Chapter 23 Magnolia #2

“Ah…” Ellery got up and, god, when would I stop noticing her height?

She moved closer to me, wide-eyed with obvious nerves, and my heart burst into a gallop as she neared.

“So…” She was right in front of me now, and the apartment felt so tiny, so silent, every single sound we made painfully audible.

The thud of my heartbeat, the rustle of our clothes, the sound my throat made when I swallowed.

“I would really like it if you stayed here.”

I swear, every drop of blood inside me drained from my body. I gaped at her stupidly. Then I managed to say, “What?”

“Stay,” she said so simply, as though it were an easy choice to make. As though it wouldn’t tear up my entire life, and suddenly, I was angry.

The thing is, just because I was in love with Ellery didn’t mean I was no longer angry at her.

And when I really thought about it, when I finally allowed myself to stop lying to myself and cut through all the layers of bullshit I’d wrapped around the truth, I realized I was furious at her.

Because when it came down to it, she’d continuously chosen every other thing but me.

She chose London over me. She chose Trish over me.

I was never her first choice.
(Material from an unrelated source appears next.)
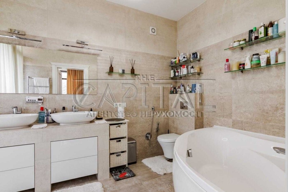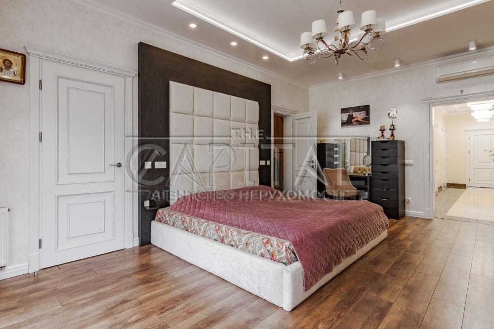 Пропонується в оренду сучасний двоповерховий будинок площею 365 м² на тихій тупиковій вулиці у Шевченківському районі Києва. Ділянка 8 соток з ландшафтним дизайном, великою кількістю дерев, кущів та квітів. На території автонавіс на 2–3 авто, сад, дитячий майданчик, зона барбекю та альтанки для відпочинку.

And now here we were, and we’d just spent close to two years seeing each other almost every day, and when I wasn’t studying, my thoughts were consumed by her.

Just like before. I’d fallen into Ellery’s spell and, god, I felt so fucking stupid.

Nothing about us had changed. I was still the little kid who latched on to her, and for her, everything was so easy.

“Stay,” she said, and that was it. Nothing more to it.

Stay and remain as the friend who was obsessed with her.

Stay and just hang out at her place, talking about dumb shit and wasting time until we grow old.

Stay and give up everything while she gave up nothing.

“Just like that, huh?” I said.

“Yeah.” Ellery’s eyes burned into mine, her gaze unflinching. “Just like that, Tulip.”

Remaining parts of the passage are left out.